* Exercise directions
Below this line are records; write out exactly the lines from the one containing "MSI B450 Tomahawk" through the one containing "正如您所见,您可以在此处浏览 VUser 脚本、GUI", with the pictures left out.

* Records shown
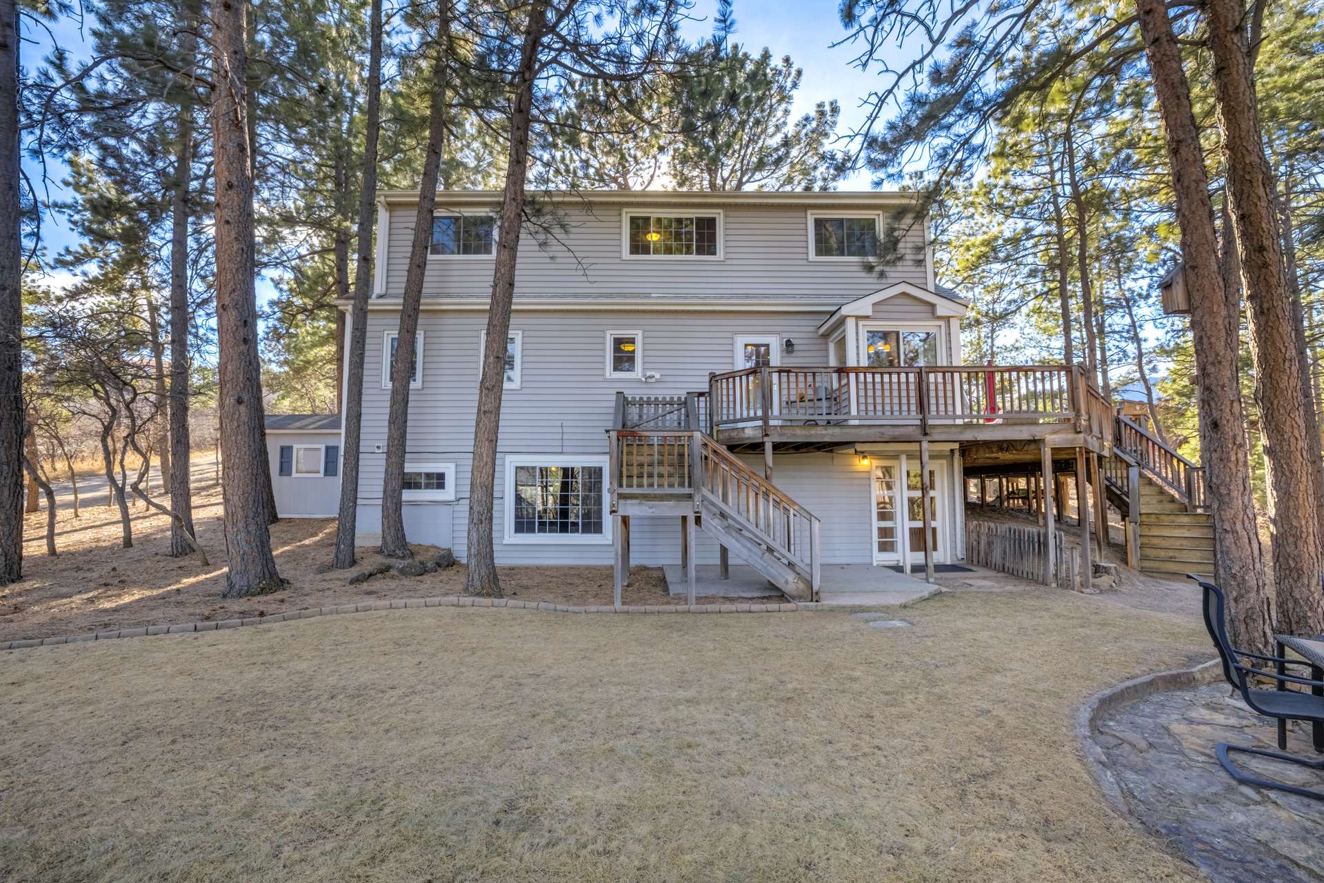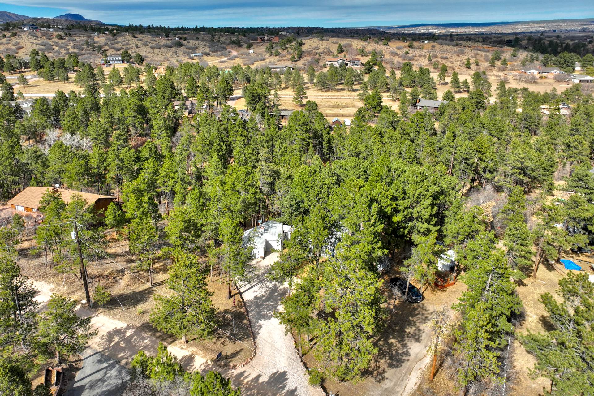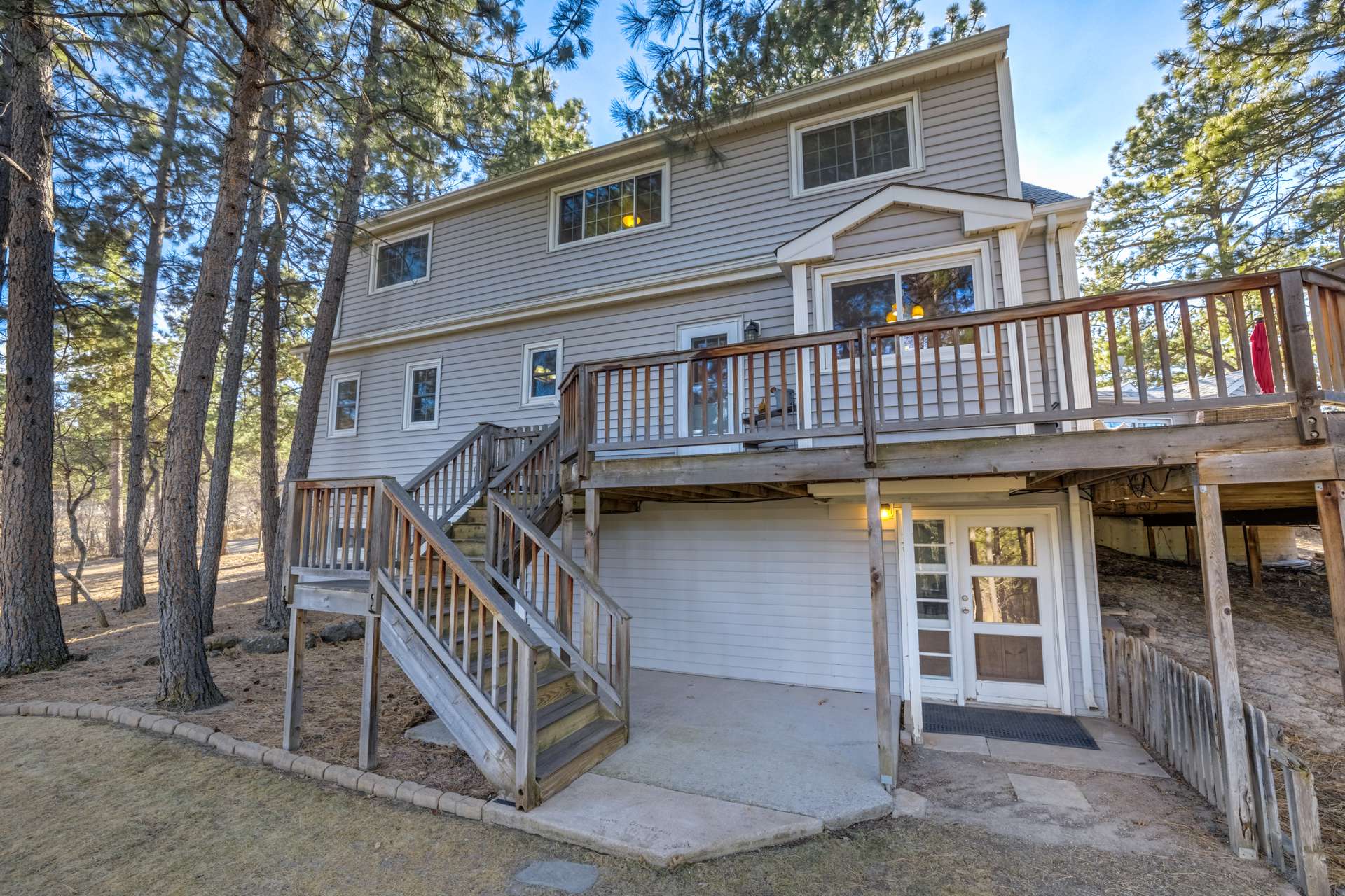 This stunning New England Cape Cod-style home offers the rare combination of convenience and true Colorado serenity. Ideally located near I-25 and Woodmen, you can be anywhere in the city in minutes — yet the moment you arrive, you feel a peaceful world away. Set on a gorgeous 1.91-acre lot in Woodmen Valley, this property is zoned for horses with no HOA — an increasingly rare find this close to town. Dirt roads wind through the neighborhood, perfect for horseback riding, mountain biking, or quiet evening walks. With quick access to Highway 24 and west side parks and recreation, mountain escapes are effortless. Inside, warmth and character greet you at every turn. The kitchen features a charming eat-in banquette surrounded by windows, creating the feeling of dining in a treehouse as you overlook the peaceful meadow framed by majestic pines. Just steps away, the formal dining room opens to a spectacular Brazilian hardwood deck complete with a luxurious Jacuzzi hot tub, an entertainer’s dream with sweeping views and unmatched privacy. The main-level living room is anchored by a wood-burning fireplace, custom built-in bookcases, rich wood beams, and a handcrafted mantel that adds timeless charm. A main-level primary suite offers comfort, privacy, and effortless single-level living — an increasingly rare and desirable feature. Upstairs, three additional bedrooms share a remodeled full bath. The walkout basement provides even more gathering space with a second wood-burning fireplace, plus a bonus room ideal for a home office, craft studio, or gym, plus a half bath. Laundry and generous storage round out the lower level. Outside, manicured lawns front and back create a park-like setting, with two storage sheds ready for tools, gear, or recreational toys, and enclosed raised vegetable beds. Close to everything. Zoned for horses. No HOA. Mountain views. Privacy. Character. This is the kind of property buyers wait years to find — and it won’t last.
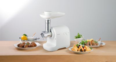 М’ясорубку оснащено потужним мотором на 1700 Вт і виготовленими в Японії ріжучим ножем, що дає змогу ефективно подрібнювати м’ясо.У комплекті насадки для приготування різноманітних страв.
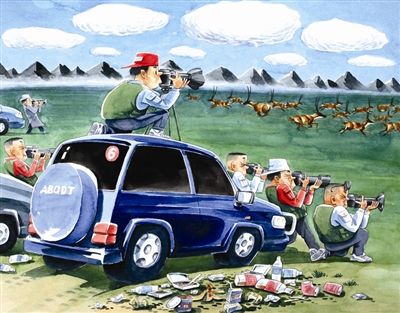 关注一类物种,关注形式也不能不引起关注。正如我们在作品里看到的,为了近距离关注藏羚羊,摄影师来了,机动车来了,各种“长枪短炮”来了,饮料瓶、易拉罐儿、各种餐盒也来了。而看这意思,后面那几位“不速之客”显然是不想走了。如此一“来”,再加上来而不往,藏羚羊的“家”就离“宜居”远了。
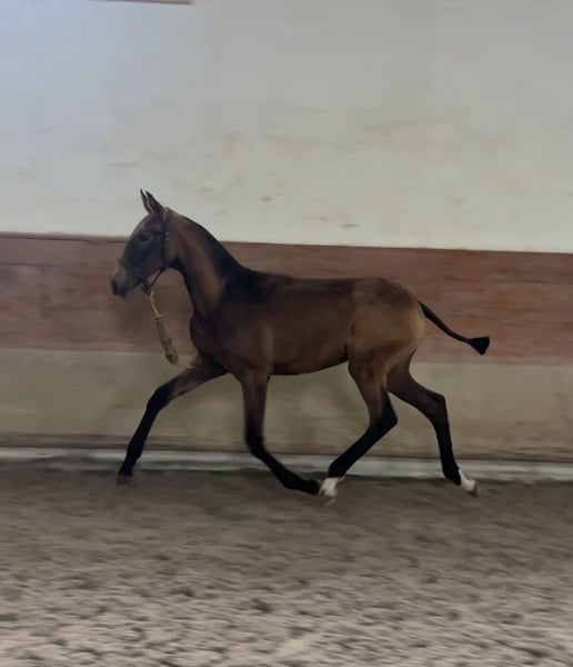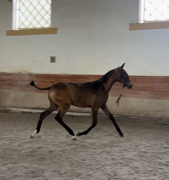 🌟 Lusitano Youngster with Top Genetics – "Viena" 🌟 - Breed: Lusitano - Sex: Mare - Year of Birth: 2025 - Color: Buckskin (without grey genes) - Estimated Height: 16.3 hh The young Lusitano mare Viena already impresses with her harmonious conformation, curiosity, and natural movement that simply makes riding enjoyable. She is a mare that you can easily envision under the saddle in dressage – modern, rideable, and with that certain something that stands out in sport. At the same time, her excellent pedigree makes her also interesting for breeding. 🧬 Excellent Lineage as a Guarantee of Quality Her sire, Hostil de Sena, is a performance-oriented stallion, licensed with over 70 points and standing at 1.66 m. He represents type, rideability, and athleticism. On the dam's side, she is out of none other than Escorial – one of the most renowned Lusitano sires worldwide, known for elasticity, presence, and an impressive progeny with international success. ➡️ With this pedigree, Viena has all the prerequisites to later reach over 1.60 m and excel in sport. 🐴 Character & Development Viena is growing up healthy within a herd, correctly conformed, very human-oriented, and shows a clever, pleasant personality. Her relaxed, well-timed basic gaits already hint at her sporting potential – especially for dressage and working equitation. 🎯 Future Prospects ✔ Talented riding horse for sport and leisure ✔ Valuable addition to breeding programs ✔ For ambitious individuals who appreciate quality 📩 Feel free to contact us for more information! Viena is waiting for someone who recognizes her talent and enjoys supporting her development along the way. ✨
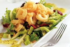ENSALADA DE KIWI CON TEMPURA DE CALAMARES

* * *

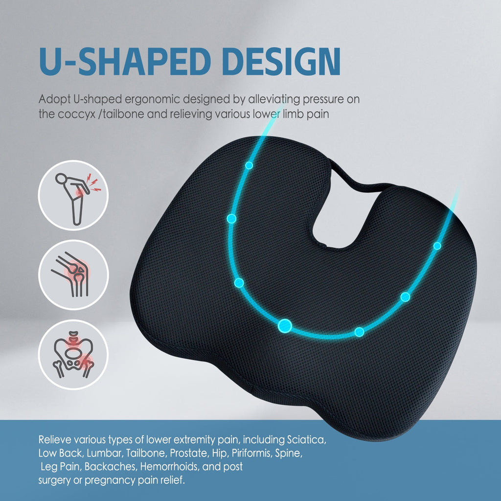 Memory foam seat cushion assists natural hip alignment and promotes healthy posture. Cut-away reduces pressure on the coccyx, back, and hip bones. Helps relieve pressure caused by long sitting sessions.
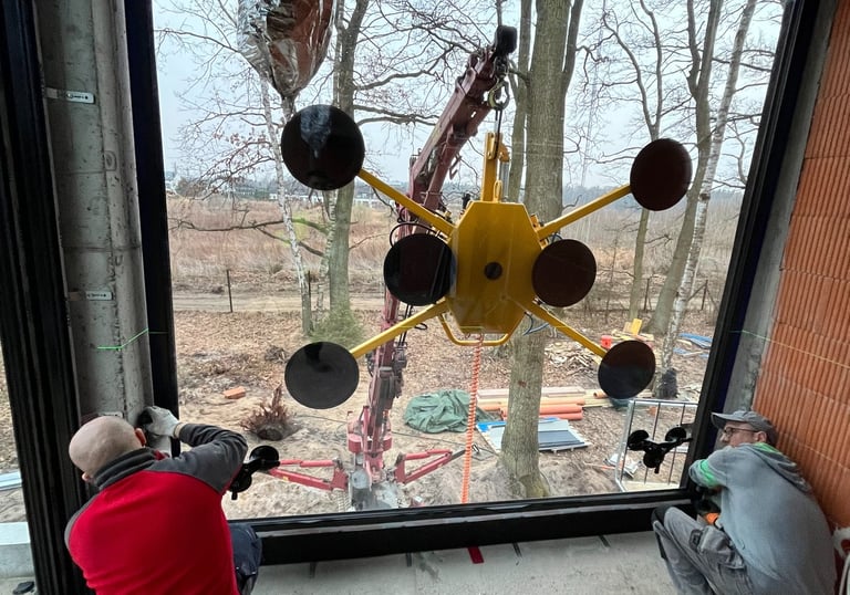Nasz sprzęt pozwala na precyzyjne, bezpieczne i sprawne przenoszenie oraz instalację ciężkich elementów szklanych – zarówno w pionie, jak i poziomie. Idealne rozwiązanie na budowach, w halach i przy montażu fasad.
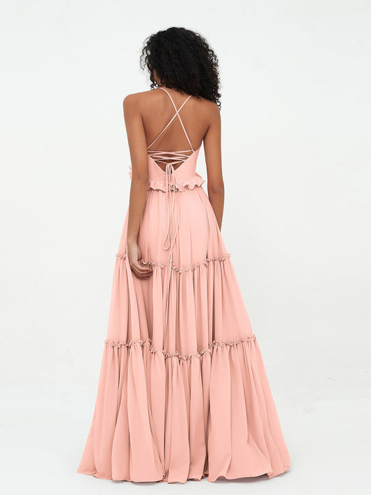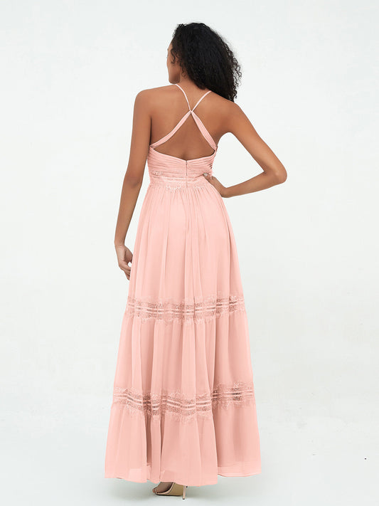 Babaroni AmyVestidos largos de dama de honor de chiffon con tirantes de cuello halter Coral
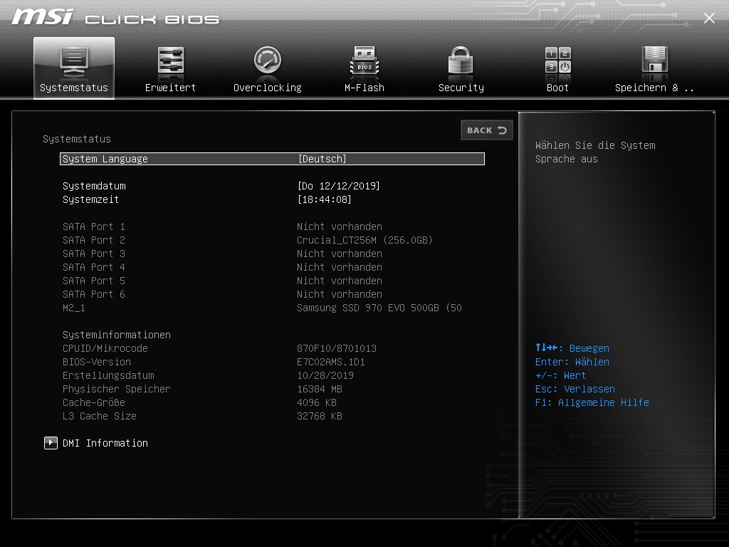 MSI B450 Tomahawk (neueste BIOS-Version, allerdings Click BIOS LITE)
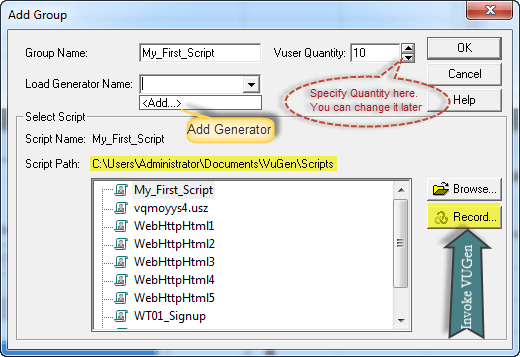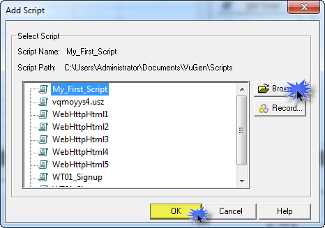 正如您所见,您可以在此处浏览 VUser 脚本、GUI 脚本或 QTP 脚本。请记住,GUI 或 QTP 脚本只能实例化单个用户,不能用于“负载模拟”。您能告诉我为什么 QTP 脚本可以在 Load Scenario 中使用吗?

* Problem solution
 MSI B450 Tomahawk (neueste BIOS-Version, allerdings Click BIOS LITE)
 正如您所见,您可以在此处浏览 VUser 脚本、GUI 脚本或 QTP 脚本。请记住,GUI 或 QTP 脚本只能实例化单个用户,不能用于“负载模拟”。您能告诉我为什么 QTP 脚本可以在 Load Scenario 中使用吗?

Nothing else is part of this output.